Listening to NPR's Talk of the Nation I heard a woman say she voted for Hillary but would switch her "lifelong Democrat" vote to McCain in the fall because he had more experience.

This makes no sense to me. Sure, McCain has time in grade over Obama, but to what purpose? He's been a Republican who's voted with Bush on nearly every issue except taxes (he opposed the tax cuts in 2001 and 2003 but now says they're all good and he'd keep them). He agreed with the decision to invade Iraq and wants to continue the occupation there (until at least 2013 or maybe for a hundred years, he's said on the campaign trail). He wants to shift health insurance from an employer-based system to an open-market system (which would give insurance companies even more power to cherry-pick policyholders than they already have). He's loudly anti-choice. He thinks Roberts and Alito were fine choices for the Supreme Court and he'd model his appointments after them.
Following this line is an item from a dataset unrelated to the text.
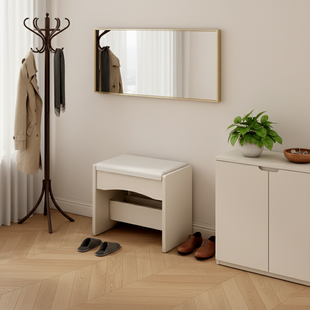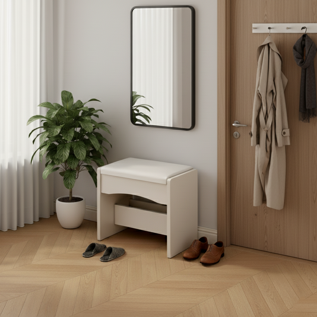 Contemporary Nordic Square Rectangular Density Board PU Leather Low Stool For Living Room

If you're a lifelong Democrat, even if you're terribly disappointed and angry that Hillary didn't win, how could you possibly consider voting for a man whose voting record for his entire career has been 180 degrees out from what your party has advocated?

Posted by Linkmeister at June 5, 2008 10:54 AM | TrackBack
Comments

I know! It's the most asinine thing I've been hearing for the past few months. How could you totally betray everything Senator Clinton has worked for just out of spite? Not vote. Write in her name. But vote for McBush? Insanity!
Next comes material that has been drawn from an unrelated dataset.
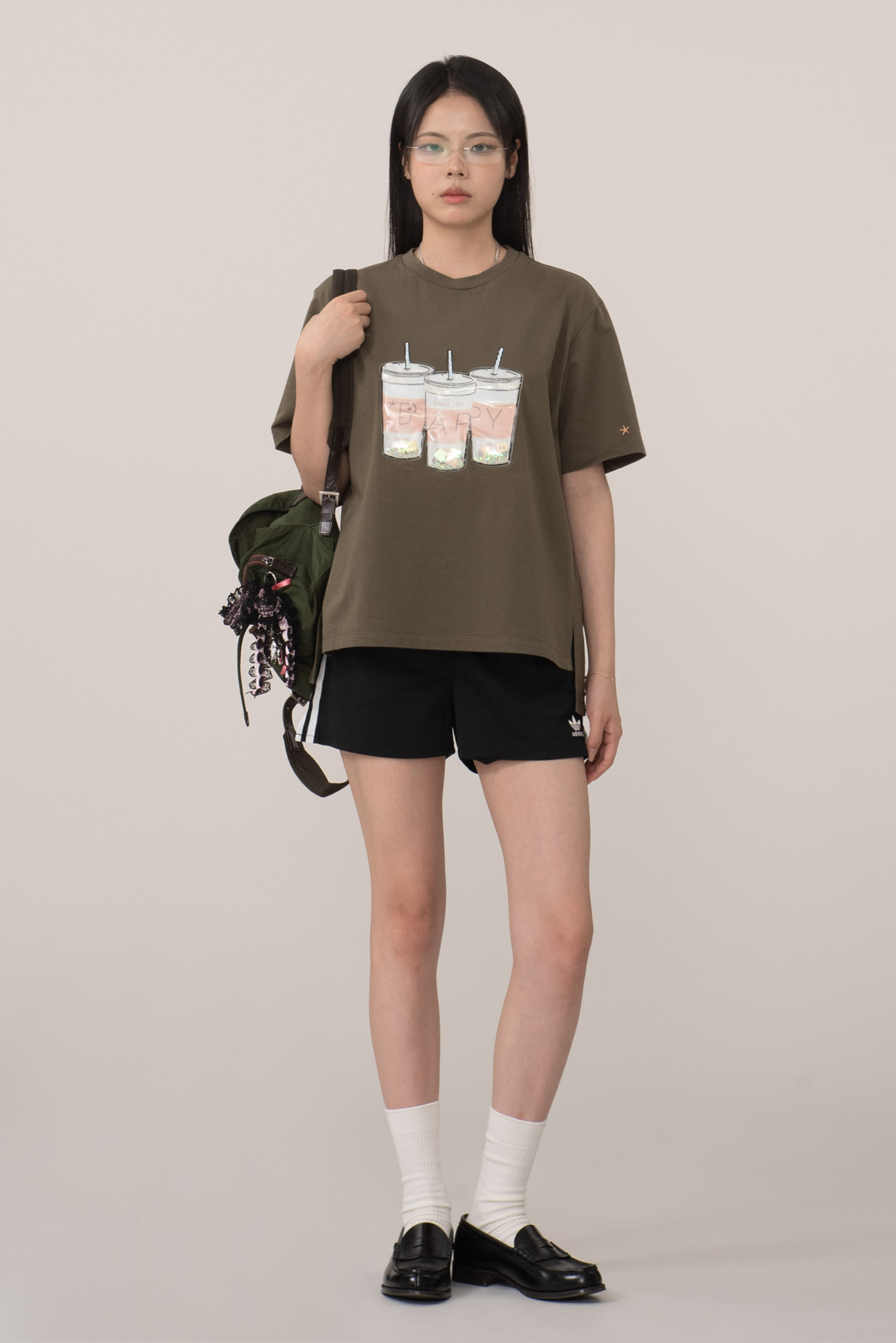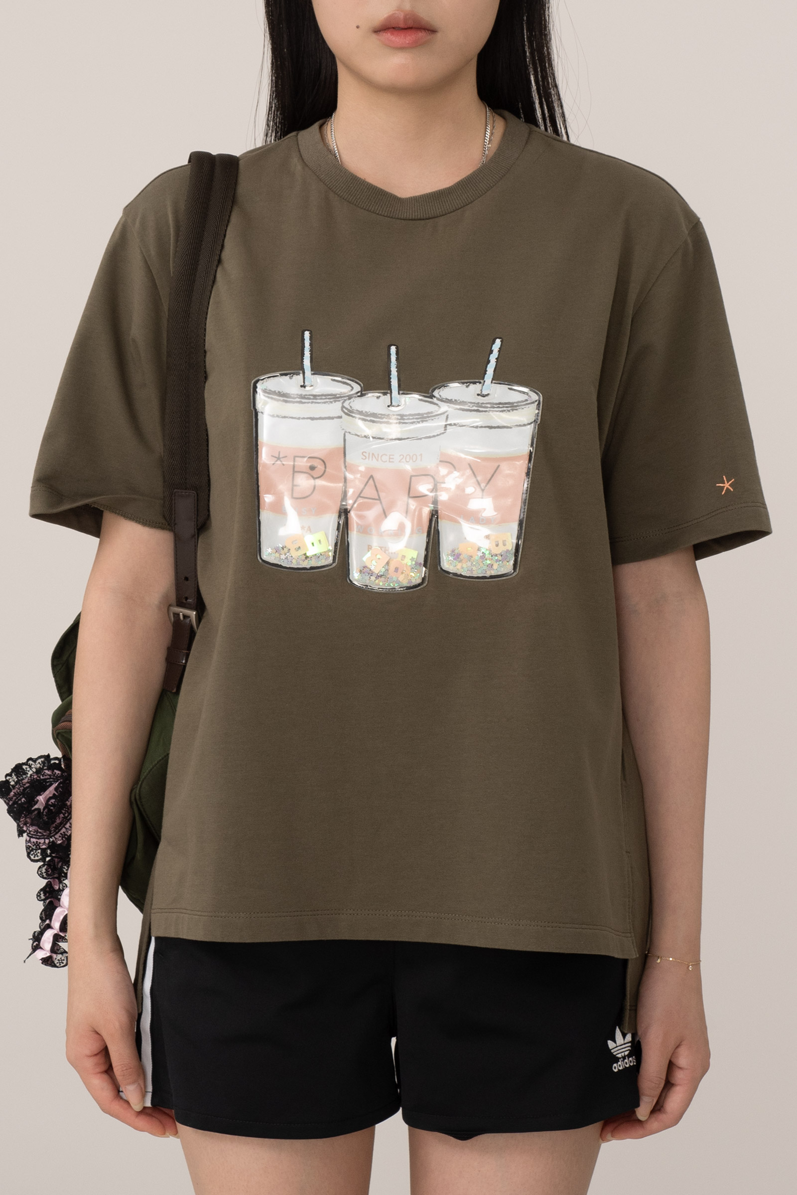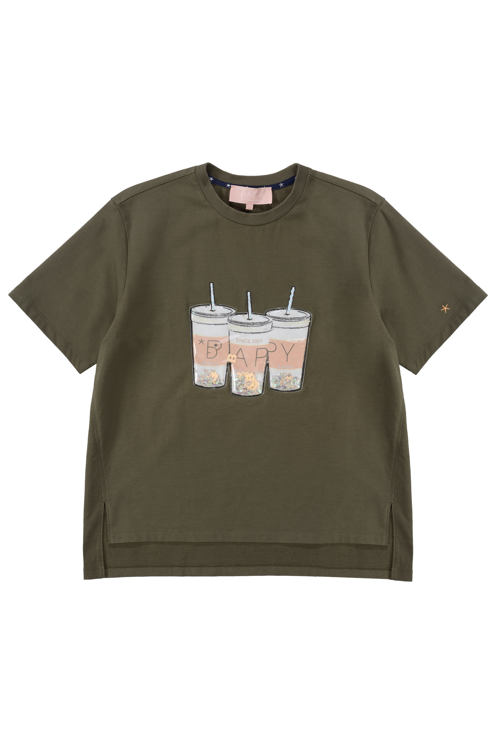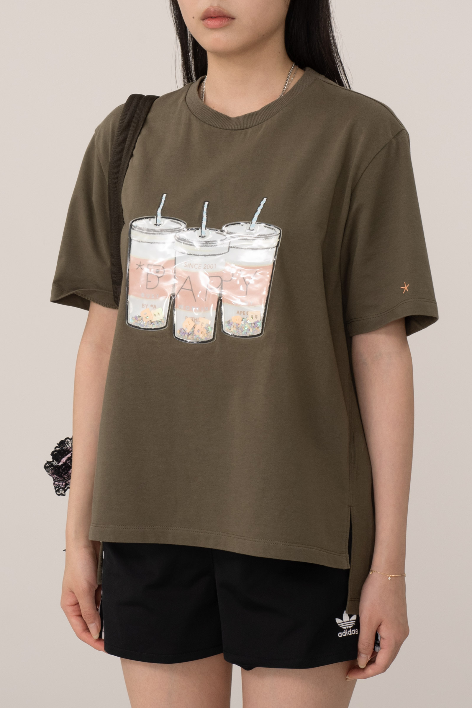 컬러는 카키 컬러로 차분하면서도 자연스러운 빈티지 무드를 잘 살리고 있으며 전면 컵 안에 플라스틱 글리터와 별 모양, BAPY 이니셜이 움직이는 입체적 디자인으로 실제로 손으로 만졌을 때 장난감 같은 촉감과 독특한 비주얼을 주는 게 포인트에요.

As I said as many times as possible last winter (when it still looked like she had the nomination in the bag), I really, really wanted Obama to win, partly because I believed that Clinton would do nothing but energize Republicans to vote against her. BUT that I would crawl across broken glass to vote for her over any Republican.
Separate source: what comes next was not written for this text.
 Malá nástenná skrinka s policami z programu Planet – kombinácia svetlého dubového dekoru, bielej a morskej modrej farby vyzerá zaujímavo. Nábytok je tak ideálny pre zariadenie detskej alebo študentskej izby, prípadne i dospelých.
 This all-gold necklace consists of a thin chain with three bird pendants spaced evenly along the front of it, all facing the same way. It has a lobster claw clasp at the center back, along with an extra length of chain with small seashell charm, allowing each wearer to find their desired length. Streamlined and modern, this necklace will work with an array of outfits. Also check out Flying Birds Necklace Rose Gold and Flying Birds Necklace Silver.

I think that Clinton supporters are just hurt right now, and most of them will come around by the Fall. But this "I didn't get my way, so I'm going to drag the entire country down to teach you a lesson" stuff is juvenile.

Posted by: Solonor at June 5, 2008 06:18 PM

"Light bulb on
Has anyone else noticed that the media hasn't cited that old chestnut "No one has won the Presidential election from the US Senate in umpty-ump years" lately? Give 'em credit for noticing something, anyway."
============================

I had actually noticed a variant of that: that no one had trotted out the old "analysis" that voters prefer governors to senators when it comes to choosing a president because governors are executives, they've run things rather than just make proposals, etc. It was more of the same old executive-worship, in other words.

Consistency would now demand that the same "analysts" insist that none of the (until recently) three candidates knew what they were doing. But new times demand new, equally glib, equally shallow explanations.

==============
Detectives Beyond Borders
"Because Murder Is More Fun Away From Home"
http://www.detectivesbeyondborders.blogspot.com/

Posted by: Peter at June 5, 2008 09:29 PM

I've always had republican leanings, but this election, I'm planning to do a lot more reading and thinking before I vote. I really liked Hillary, and am sorry she didn't get the nomination, but things have got to change.